The order of integration determines the lower and upper bounds for each variable:

• First, we integrate with respect to \(z\) from \(0\) to \(1-x-y\).
• Then, we integrate with respect to \(y\) from \(0\) to \(1-x\).
• Finally, we integrate with respect to \(x\) from \(0\) to \(1\).

Putting it mathematically, the integral is expressed as:
\[ \tripleint_{V} f(x,y,z) \, dV = \tripleint \tripleint \tripleint{}_{0}^{1}{}_{0}^{1-x}{}_{0}^{1-x-y} f(x,y,z) \, dz \, dy \, dx \].

Tetrahedron

A tetrahedron is a polyhedron with four triangular faces, six straight edges, and four vertex corners.

It’s the simplest type of three-dimensional figure with flat faces.

The tetrahedron in our problem is bounded by the planes \(x=0\), \(y=0\), \(z=0\), and \(x+y+z=1\).

This specific tetrahedron lies within the first octant of the coordinate system, with one vertex at the origin (0,0,0) and the opposite vertex at (1,1,1).

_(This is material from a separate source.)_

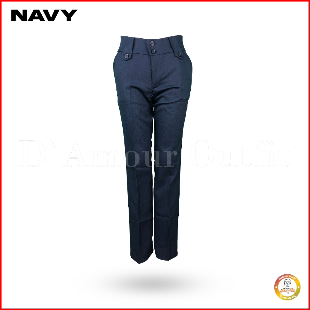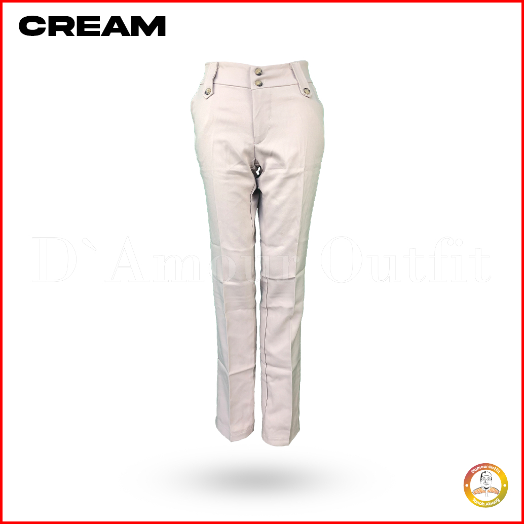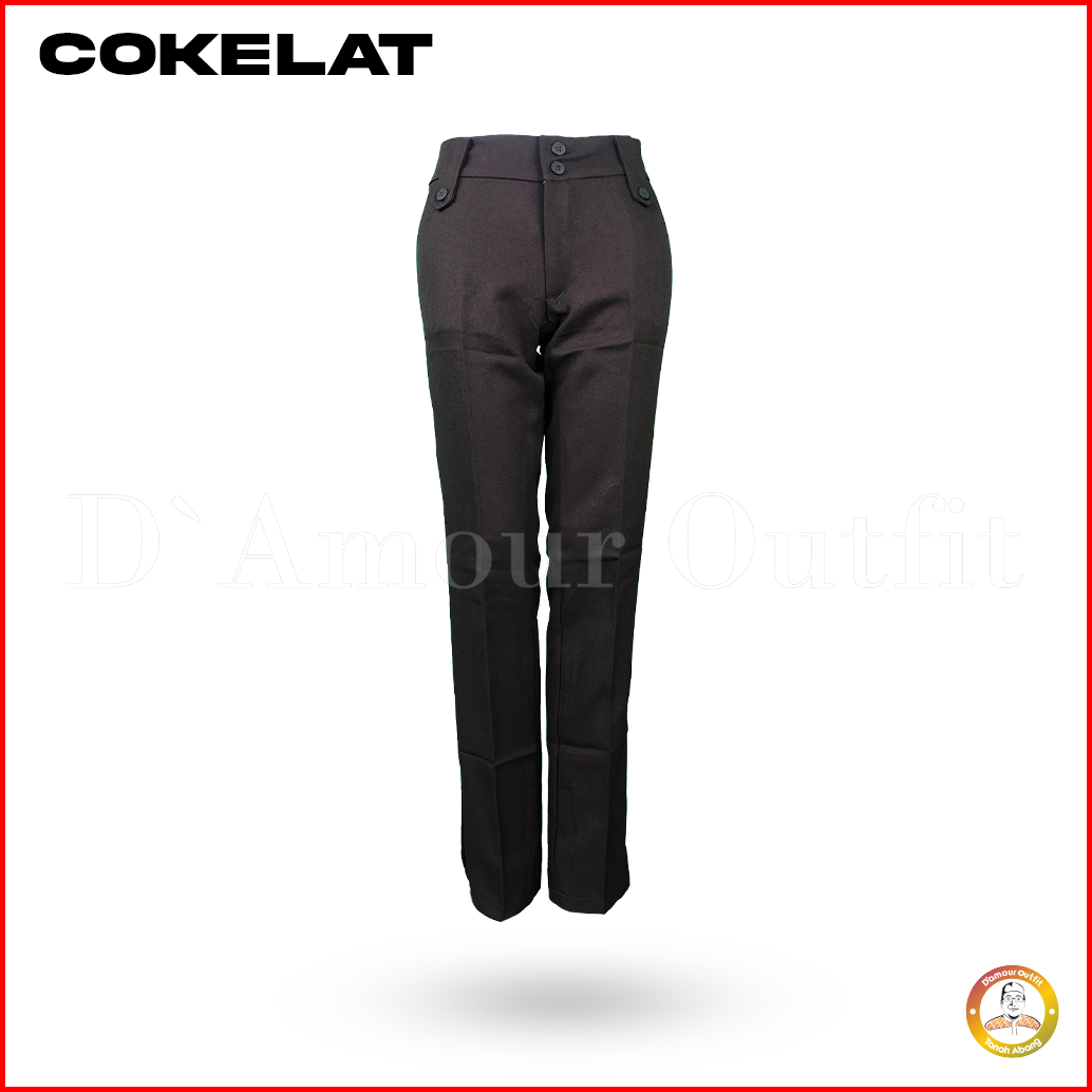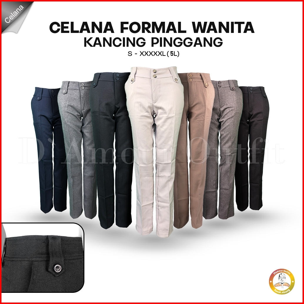Celana Panjang Wanita Kancing Pinggang Polos Pakaian Kerja Formal Kantoran Clana Bahan Cewek Kantor Dewasa Anak Motif Sa

The tetrahedral volume helps us define the region for our triple integral.

Understanding the shape and boundaries of this tetrahedron is crucial in determining the correct integration limits and ensuring the function encompasses the entire volume to get an accurate result.

Multivariable Calculus

Multivariable calculus extends calculus concepts to functions of multiple variables.

Instead of handling just one variable, it deals with the relationships between multiple variables.

Common concepts include partial derivatives, multiple integrals (like double and triple integrals), and gradients.

In multivariable calculus, we often explore how changes in one variable affect another within higher-dimensional spaces.

By utilizing techniques such as triple integrals, we can solve complex problems involving volume calculations and other three-dimensional aspects.

The concepts are fundamental in fields such as engineering, physics, computer graphics, and economics, where phenomena often depend on multiple variables interacting simultaneously.